Work required: Restate each record below word for word, skipping images.

"""

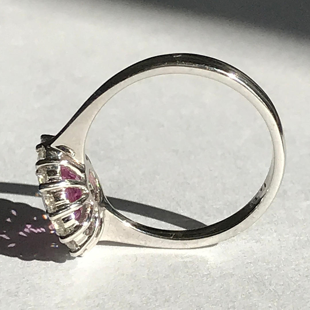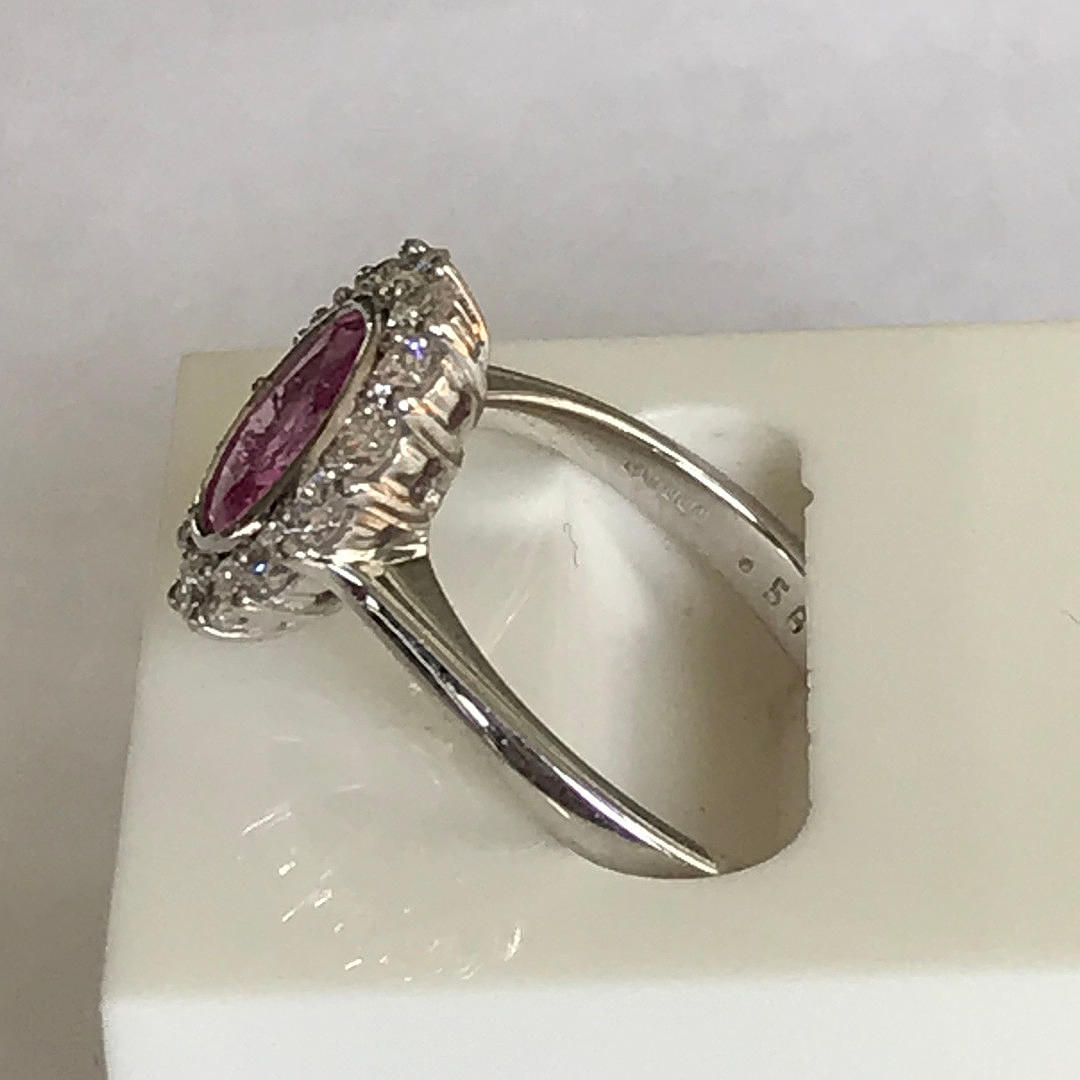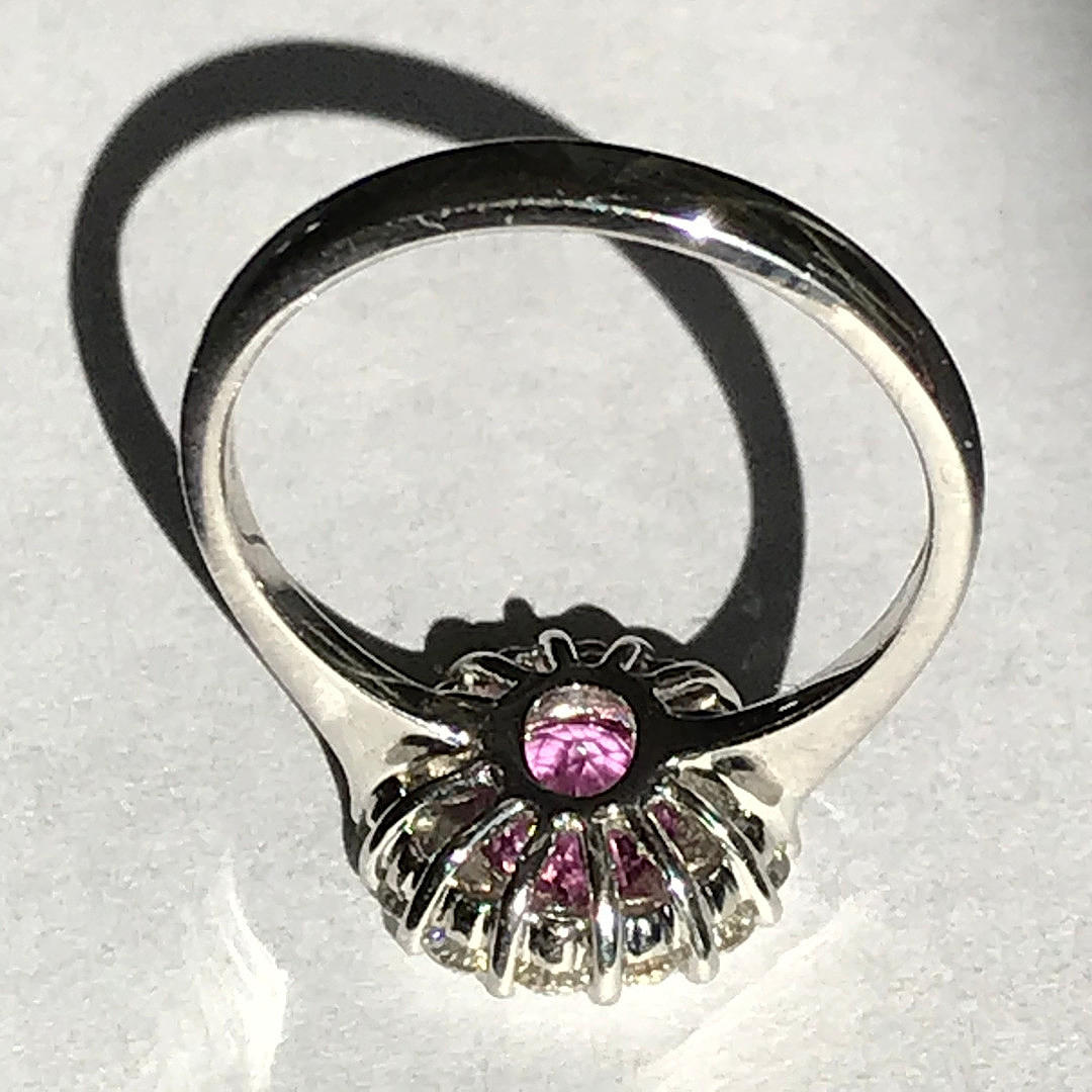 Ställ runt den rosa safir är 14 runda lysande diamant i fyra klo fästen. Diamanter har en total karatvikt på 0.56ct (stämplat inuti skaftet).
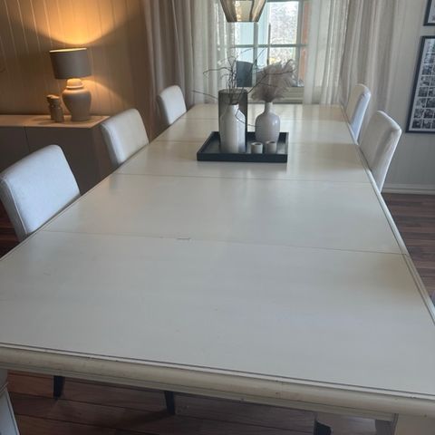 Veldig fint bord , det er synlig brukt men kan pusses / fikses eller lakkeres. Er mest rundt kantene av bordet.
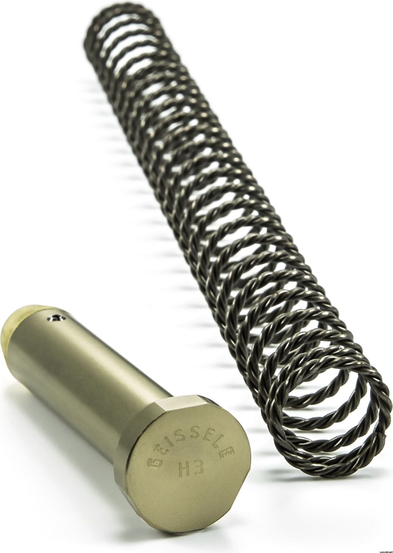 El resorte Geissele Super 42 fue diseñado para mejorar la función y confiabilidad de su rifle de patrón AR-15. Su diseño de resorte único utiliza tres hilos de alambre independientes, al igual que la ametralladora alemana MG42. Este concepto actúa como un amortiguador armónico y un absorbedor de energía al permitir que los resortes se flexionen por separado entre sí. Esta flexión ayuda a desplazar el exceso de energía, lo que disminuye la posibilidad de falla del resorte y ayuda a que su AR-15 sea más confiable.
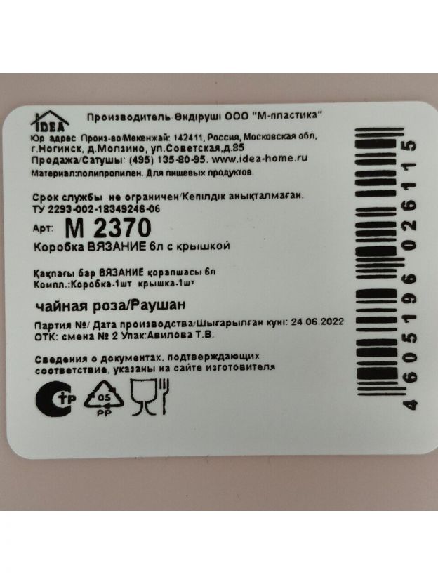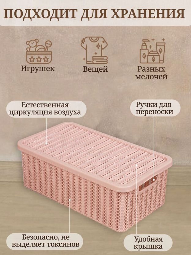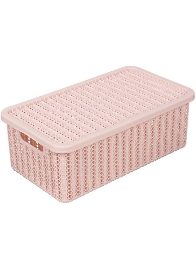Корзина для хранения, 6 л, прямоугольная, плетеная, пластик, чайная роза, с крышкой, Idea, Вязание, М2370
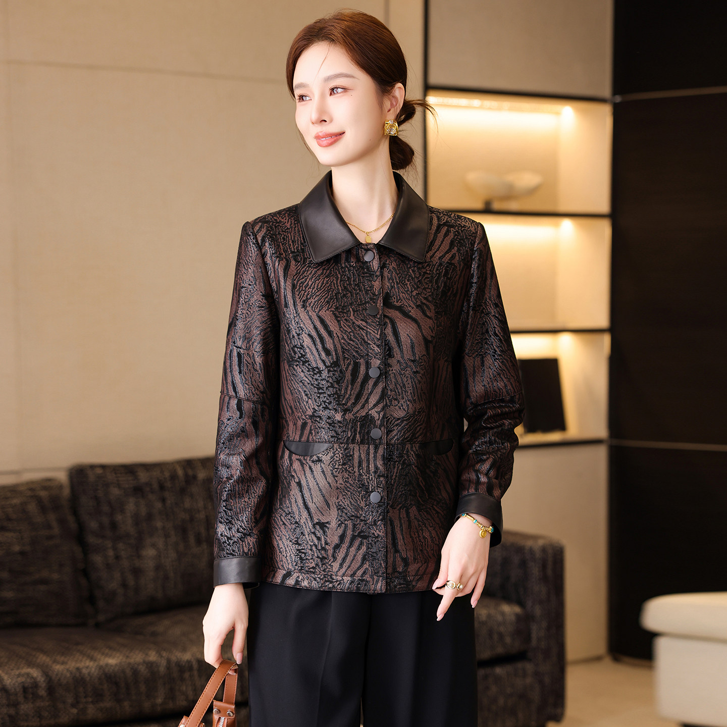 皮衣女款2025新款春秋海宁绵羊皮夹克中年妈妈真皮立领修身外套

"""

Result of the exercise:
 Ställ runt den rosa safir är 14 runda lysande diamant i fyra klo fästen. Diamanter har en total karatvikt på 0.56ct (stämplat inuti skaftet).
 Veldig fint bord , det er synlig brukt men kan pusses / fikses eller lakkeres. Er mest rundt kantene av bordet.
 El resorte Geissele Super 42 fue diseñado para mejorar la función y confiabilidad de su rifle de patrón AR-15. Su diseño de resorte único utiliza tres hilos de alambre independientes, al igual que la ametralladora alemana MG42. Este concepto actúa como un amortiguador armónico y un absorbedor de energía al permitir que los resortes se flexionen por separado entre sí. Esta flexión ayuda a desplazar el exceso de energía, lo que disminuye la posibilidad de falla del resorte y ayuda a que su AR-15 sea más confiable.
Корзина для хранения, 6 л, прямоугольная, плетеная, пластик, чайная роза, с крышкой, Idea, Вязание, М2370
 皮衣女款2025新款春秋海宁绵羊皮夹克中年妈妈真皮立领修身外套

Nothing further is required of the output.